# Advice on Nurgle colours



## ChaosSpaceMarineGuy (Jan 29, 2010)

I have been into 40k for a few years now and I'm more attracted to the playing part of the hobby than the painting aspect. I could never decide on a style of colour scheme I wanted. I've got a campaign coming up and I am tired of my CSM army being mismatched (a little bit of black legion and Red Corsairs) I also have some painted up as World Eaters (Bezerkers and Kharn plus a dedicated rhino), so I am seeking help as to a Nurgle scheme I like. Any thoughts an input is welcome (as long as it's appropriate).
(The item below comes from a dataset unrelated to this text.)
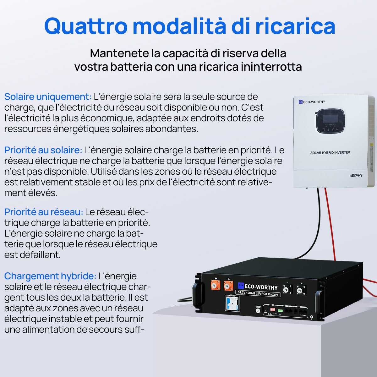Ottimizza il tuo sistema energetico con una batteria LiFePO4 da 48 V e 100 Ah abbinata a un UPS all-in-one da 3000 W, per una soluzione di alimentazione di backup efficiente e stabile da 5,12 kWh. Ideale per abitazioni e piccole imprese, offre un'alimentazione di backup durevole, sicura e affidabile per aiutarti a gestire facilmente le interruzioni.
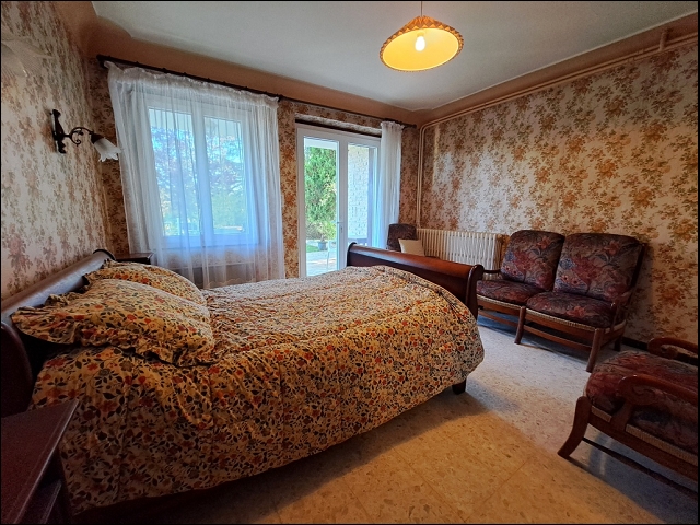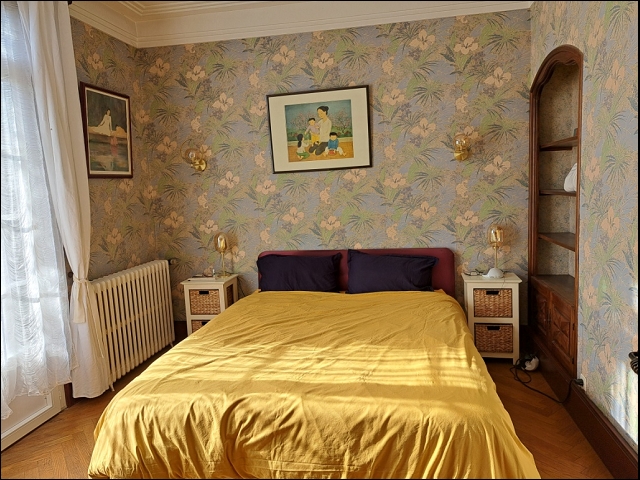 -Chambre de 11 m² avec plafond à moulure, parquet et porte-fenêtre vers terrasse

I am looking for a table top quality. Thanks in advance.k:


----------



## Barnster (Feb 11, 2010)

Traditionally Nurgle uses grey, greens, browns and off-yellows, to be the colours of decay

Do you want your (Plague marines?) to match to the reds of the world eaters? If thats the case you could use scab red devlan mud and boltgun round the edges to try and show decay, and cracking of the outer ceremite, paint obviously decayed bits orange/ brown, Just an idea I have no idea if it would work


----------



## Nicholas Hadrian (Mar 20, 2011)

Really there are no specific Nurgle colors, there are only states of decay. But you want a Nurgle themed army, I say go for broke and try the Death Guard


----------



## bitsandkits (Mar 18, 2008)

nurgle is a difficult colour pallette to get right, its much paler than most people are used to painting, its very bland and you have to almost paint badly, or you can try to simply rust up or add decay and age to normal marine colours. I generally paint very bright and vibrant or bright armies so i struggle with nurgle even though its the chaos power im most fond of.


----------



## yanlou (Aug 17, 2008)

If Nurgle is new to you, the best bet is staying with the greens, start of with a dark green ( i start with Dark Angels Green) then slowely build up later and later greens, till you happy with it, for any flesh i use Rotting Flesh washed with Devlan Mud a also some reds and purples to add discolour, then i highlight with Rotting Flesh agin and slowly lighten up the highights till happy.


----------



## Nicholas Hadrian (Mar 20, 2011)

Well I personally am doing comission work for a guy who wants Nurgle themed Flawless Host plague marines (I know, Slanesshi and Nurglites?) I start off with some bleached bone and gradually make it look more filthy and dark with lots of sucessive washes.


----------